**EXERCISE BRIEF**: Copy the listing below in full and skip every picture.

Segment Open

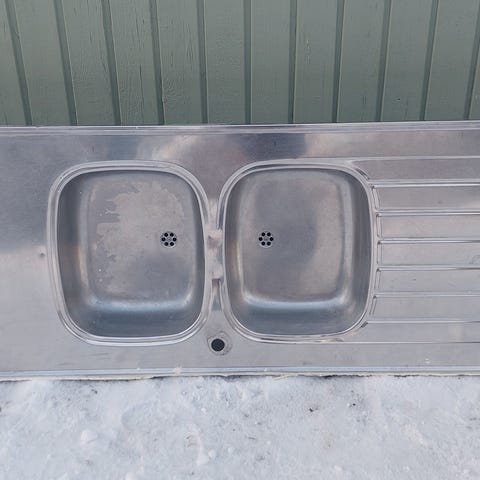 Myydään iso rosterinen kahden altaan tiskipöytä. Metallisen rungon saa mukaan. Mitat leveys 200 cm, syvyys 60cm ja korkeus 81,5 cm.
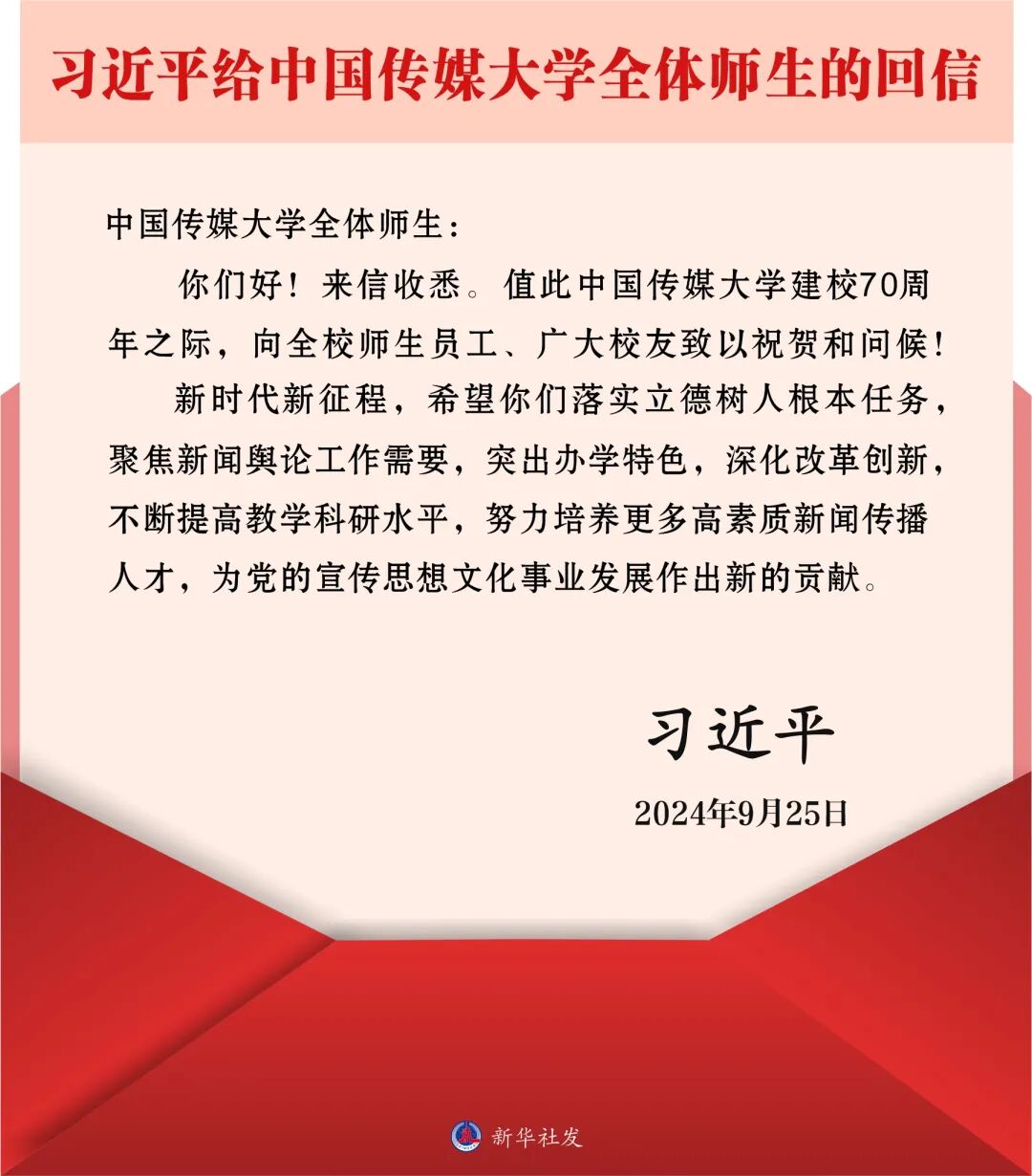9月25日,中共中央总书记、国家主席、中央军委主席习近平给中国传媒大学全体师生回信,在中国传媒大学建校70周年之际,向全体师生员工、广大校友致以祝贺和问候。习近平在回信中强调,新时代新征程,希望学校落实立德树人根本任务,聚焦新闻舆论工作需要,突出办学特色,深化改革创新,不断提高教学科研水平,努力培养更多高素质新闻传播人才,为党的宣传思想文化事业发展作出新的贡献。
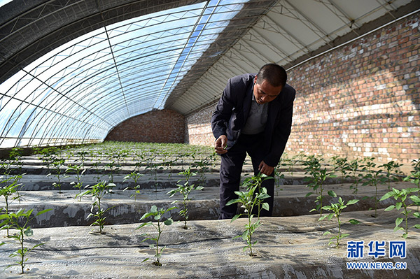 在宁夏西吉县吉强镇套子湾村,农户查看温室大棚里种植的辣椒(资料照片)。新华社记者 李然 摄
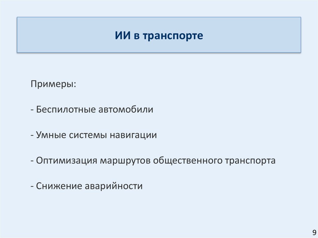 ИИ В ТРАНСПОРТЕ……………………………………………………………………………...........................................................................................9
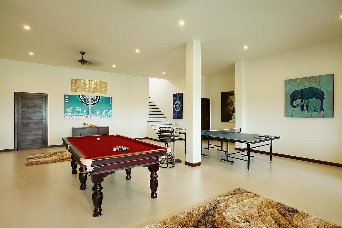 別墅內設有豪華的戶外用餐區,確保賓客享有典範的堂食體驗。同時也維持一個設備齊全的模組化廚房,準備各式美食。寬敞的客廳與細膩的室內設計,確保賓客享有極致的休閒時光。此外,電影迷也設有專屬影音室,確保住宿愉快。你可以在桌遊室玩乒乓球、桌球和飛鏢玩得很開心。
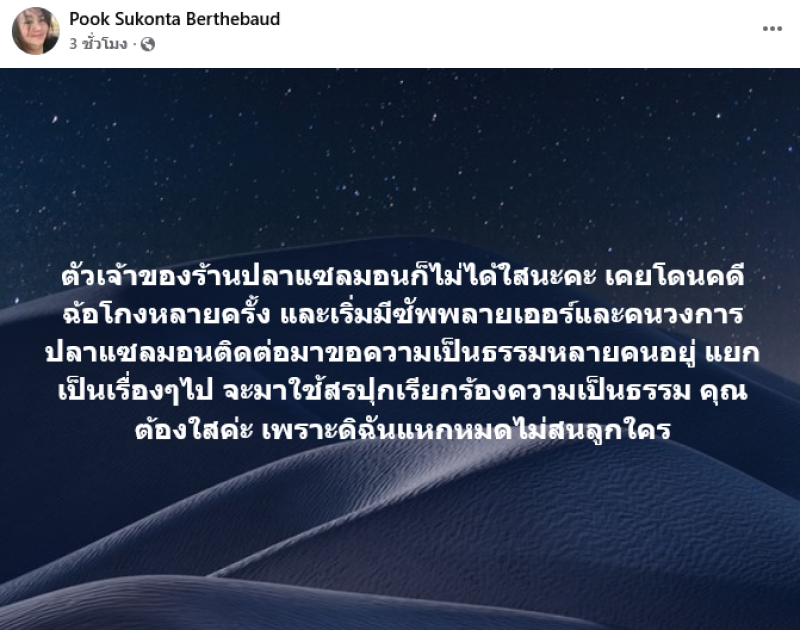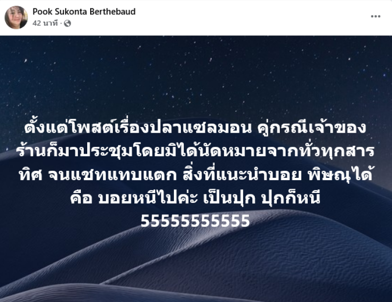 กลายเป็นประเด็นดราม่าเลยทีเดียว เมื่อทางด้านเพจPook Sukonta Berthebaud ได้ออกมาโพสต์เรื่องราวของเจ้าของร้านปลาแซลมอนที่ทำธุรกิจกับ บอย พิษณุ ในมุมของเจ้าของร้านที่อยากจะชี้แจงเรื่องดังกล่าวบ้าง โดยระบุว่า
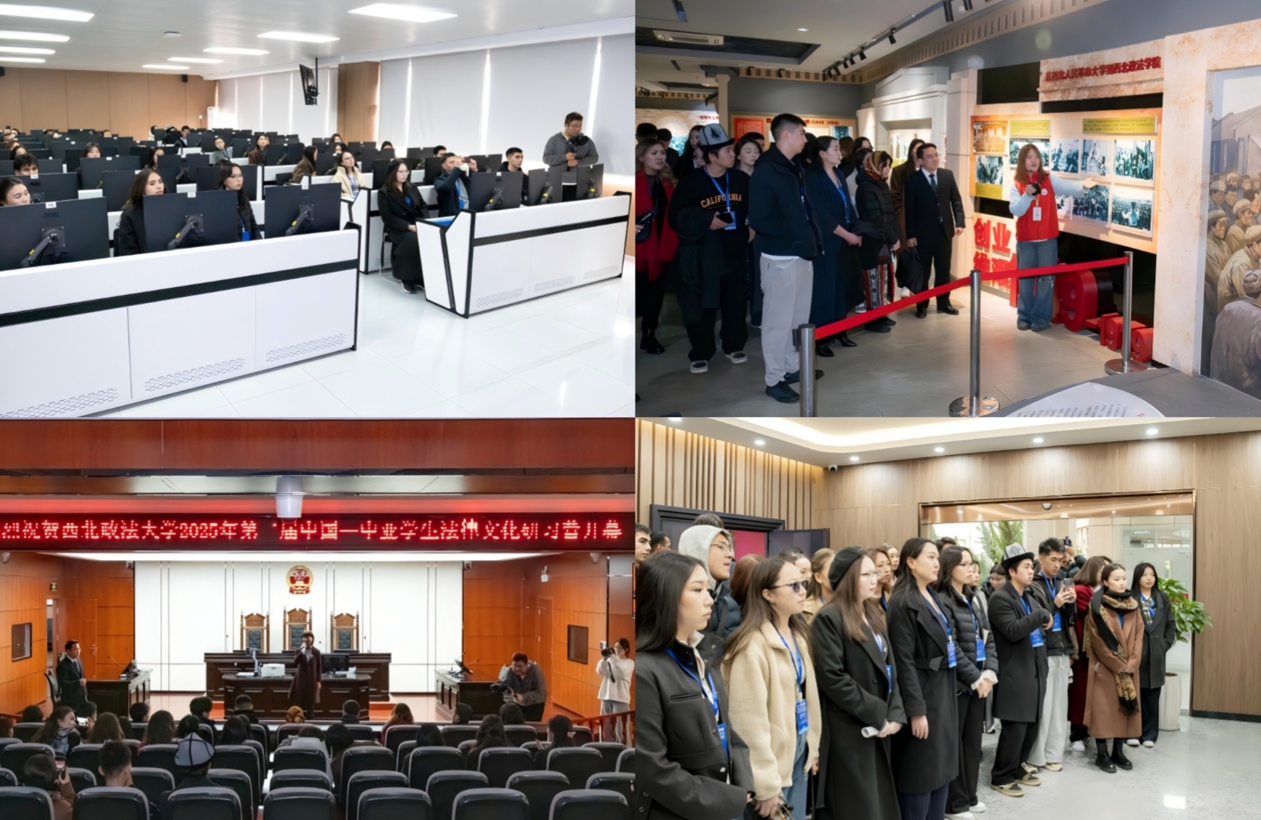 仪式结束后,与会领导与嘉宾共同栽种象征友谊的“中国—中亚法律文化互鉴同心树”。期间,中亚师生一行赴校史馆、习近平法治思想 “三进” 成果展览馆、模拟法庭及法学实验实训中心参观考察,通过实物史料、成果展示、实景体验等多元形式,全面了解学校法学教育的发展历程、理论创新实践及实训教学体系,深刻体悟中国特色法治教育的鲜明特质与育人理念。
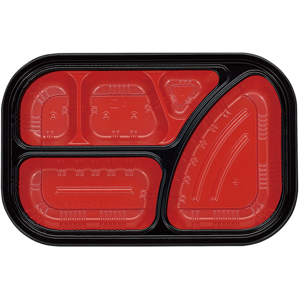 業務用食材 TOP ≫ 消耗品 ≫ 弁当・テイクアウト容器 ≫ 仕切り付き弁当容器 ≫ TSR-85-55B 本体:黒内赤 50枚 Y019322
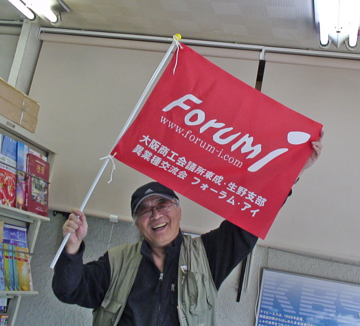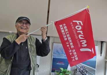 そのために目印として、フォーラム・アイの旗を作りました。すばらしい出来映えです。
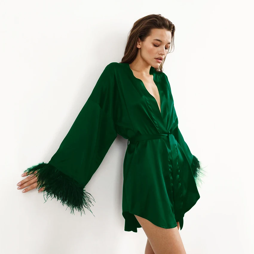Elegant Satin Feather Trim Robe

Segment Closed

**SOLUTION TO THE EXERCISE**:
 Myydään iso rosterinen kahden altaan tiskipöytä. Metallisen rungon saa mukaan. Mitat leveys 200 cm, syvyys 60cm ja korkeus 81,5 cm.
9月25日,中共中央总书记、国家主席、中央军委主席习近平给中国传媒大学全体师生回信,在中国传媒大学建校70周年之际,向全体师生员工、广大校友致以祝贺和问候。习近平在回信中强调,新时代新征程,希望学校落实立德树人根本任务,聚焦新闻舆论工作需要,突出办学特色,深化改革创新,不断提高教学科研水平,努力培养更多高素质新闻传播人才,为党的宣传思想文化事业发展作出新的贡献。
 在宁夏西吉县吉强镇套子湾村,农户查看温室大棚里种植的辣椒(资料照片)。新华社记者 李然 摄
 ИИ В ТРАНСПОРТЕ……………………………………………………………………………...........................................................................................9
 別墅內設有豪華的戶外用餐區,確保賓客享有典範的堂食體驗。同時也維持一個設備齊全的模組化廚房,準備各式美食。寬敞的客廳與細膩的室內設計,確保賓客享有極致的休閒時光。此外,電影迷也設有專屬影音室,確保住宿愉快。你可以在桌遊室玩乒乓球、桌球和飛鏢玩得很開心。
 กลายเป็นประเด็นดราม่าเลยทีเดียว เมื่อทางด้านเพจPook Sukonta Berthebaud ได้ออกมาโพสต์เรื่องราวของเจ้าของร้านปลาแซลมอนที่ทำธุรกิจกับ บอย พิษณุ ในมุมของเจ้าของร้านที่อยากจะชี้แจงเรื่องดังกล่าวบ้าง โดยระบุว่า
 仪式结束后,与会领导与嘉宾共同栽种象征友谊的“中国—中亚法律文化互鉴同心树”。期间,中亚师生一行赴校史馆、习近平法治思想 “三进” 成果展览馆、模拟法庭及法学实验实训中心参观考察,通过实物史料、成果展示、实景体验等多元形式,全面了解学校法学教育的发展历程、理论创新实践及实训教学体系,深刻体悟中国特色法治教育的鲜明特质与育人理念。
 業務用食材 TOP ≫ 消耗品 ≫ 弁当・テイクアウト容器 ≫ 仕切り付き弁当容器 ≫ TSR-85-55B 本体:黒内赤 50枚 Y019322
 そのために目印として、フォーラム・アイの旗を作りました。すばらしい出来映えです。
Elegant Satin Feather Trim Robe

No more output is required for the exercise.